Eine Filmkritik von Andreas Köhnemann

Die Zoom-WG

Seit seinem Leinwanddebüt „Voll Paula!“ im Jahre 2015 hat der 1979 in Marburg geborene Filmemacher Malte Wirtz eine ganze Reihe von Low-Budget-Werken im Eigenverleih herausgebracht. Diese lassen stets eine große Lust am Experimentieren erkennen. In „Geschlechterkrise“ (2021) nahm sich Wirtz beispielsweise die biblische Erzählung von Simson und Delila vor – und setzte sie als modernen Stummfilm in Szene. In „Das Böse im Wald“ (2022) legte er wiederum (nach eigener Aussage aus einem spontanen Impuls heraus) einen Found-Footage-Horrorfilm vor.

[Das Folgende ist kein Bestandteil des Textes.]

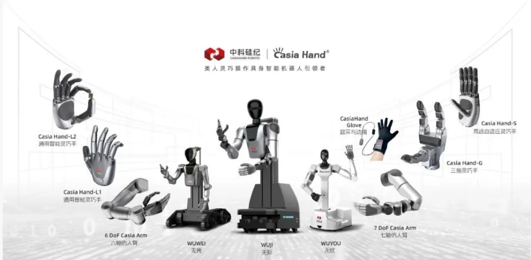 中科硅纪成立于2023年,是一家孵化自中国科学院自动化研究所——我国具身智能领域“国家队”的硬科技企业,专注于通用类人灵巧操作技术及全栈解决方案的研发与产业化。公司构建了覆盖“整机—核心部件—算法模型—应用场景”的完整技术体系,已推出Casia Hand系列行业级灵巧手产品矩阵,包括面向家庭服务的三指仿生手、面向3C电子精密装配的高速工业手(其关节角速度达720°/秒、使用寿命超百万次)等四款差异化产品。该系列产品已于2025世界机器人大会上集中亮相,凭借100%核心零部件国产化、多场景适配能力及国际领先性能指标。已形成系列化、规格化、场景化布局的灵巧手产品体系。

Für Digital Life hat Wirtz nun ein sogenanntes Zogma Manifesto entworfen – in Anlehnung an das von den dänischen Regisseuren Lars von Trier und Thomas Vinterberg im Jahre 1995 unterzeichnete Manifest Dogma 95, auf dessen Basis Werke wie Idioten (1998) und Das Fest (1998) entstanden sind. Ebenso wie jenes „Keuschheitsgelübde“ besteht auch Wirtz’ Manifest aus zehn Regeln. Die erste davon lautet, der Film müsse exklusiv auf einer digitalen Plattform gedreht werden. In einer weiteren heißt es, die Schauspieler:innen seien zugleich als Kameraleute aktiv. Und so erzählt Wirtz hier von einer Gruppe junger Menschen, die über Videocalls miteinander kommunizieren – auch wenn sie sich teilweise in derselben Wohnung, jeweils im Zimmer nebenan befinden.

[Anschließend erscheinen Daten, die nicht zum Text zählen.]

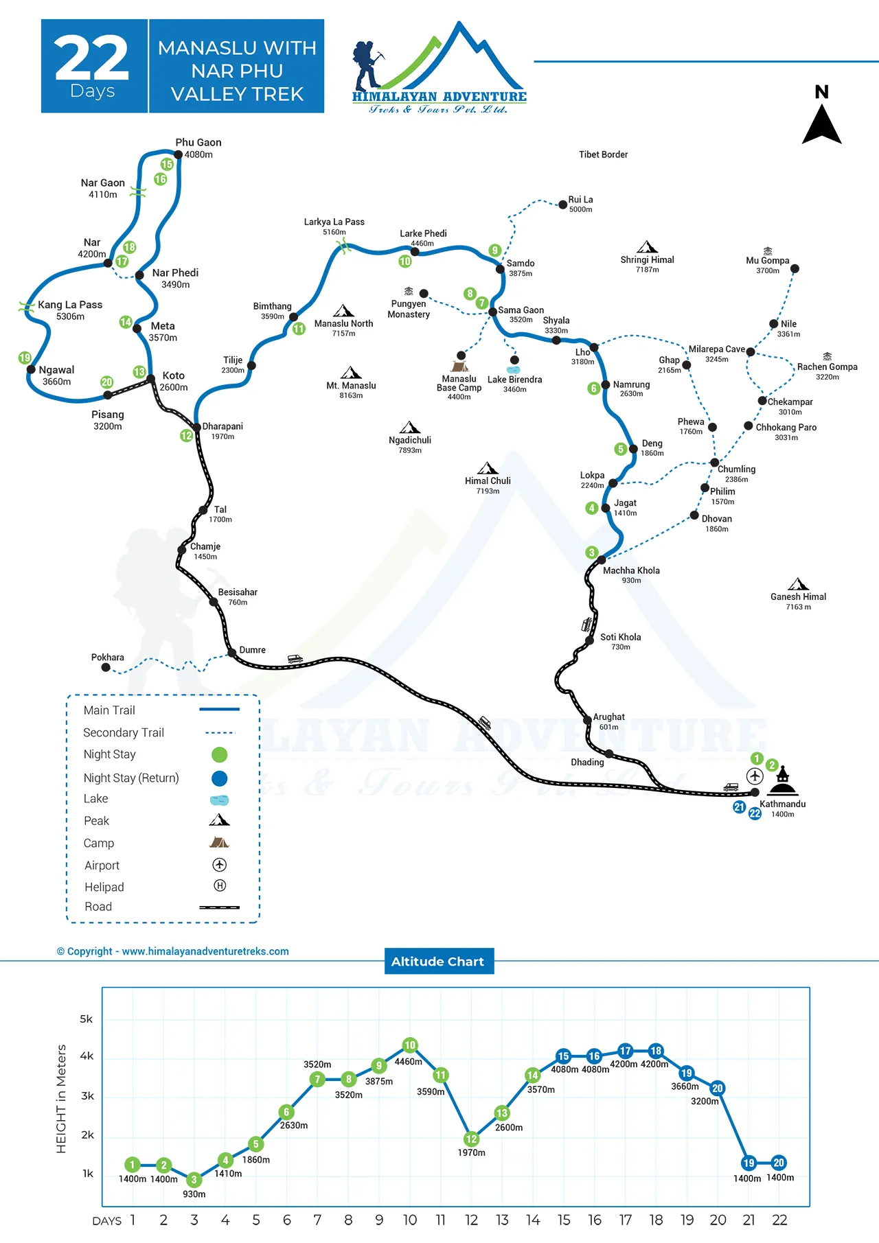 Detail itinerary of Manaslu with Nar Phu Valley Trek – 22 Days

Zu Beginn sehen wir, wie Gerrit (Gerrit Neuhaus) und Julia (Julia Keller), die seit drei Jahren zusammen sind, via Zoom eine Beziehungskrise durchleben und schließlich miteinander Schluss machen. Die beiden gründen jedoch eine freundschaftliche Wohngemeinschaft und casten hierfür Alec (Alec Rosenthal) als zusätzlichen Mitbewohner. Der selbsternannte Dichter aus New York City, der gerne mal um drei Uhr nachts seine neuesten Schöpfungen rezitiert, macht Julia alsbald heftige Avancen. Noch komplizierter wird die Situation durch Julias Freundin Judith (Judith Shoemaker), die sowohl mit Alec als auch mit Gerrit flirtet. Und dann ist da noch der Nachbar und Vermieter Mark (Holger Bülow), der sich über den Lärm in der WG zu beschweren scheint.

Auf visueller Ebene besteht Digital Life entweder aus einem großen Videofenster, das eine einzelne Person zeigt, oder aus mehreren Videofenstern in Split-Screen-Technik. Die Figuren sitzen größtenteils in ihren eigenen Zimmern, in der Küche oder im Bad; gelegentlich sind sie unterwegs – etwa zum Supermarkt, um Alkoholnachschub zu besorgen. Reizvoll wird der Film vor allem durch die emotionalen Irrungen und Wirrungen zwischen allen Beteiligten. Die Regieanweisungen hat Wirtz angeblich per Textnachricht an die einzelnen Schauspieler:innen geschickt; die anderen sollen jeweils nicht gewusst haben, welche Instruktionen der Rest gerade erhalten habe. Dies erklärt die improvisierte Anmutung der Dialoge, aus der sich im Laufe des Plots ein recht hoher Unterhaltungsfaktor ergibt.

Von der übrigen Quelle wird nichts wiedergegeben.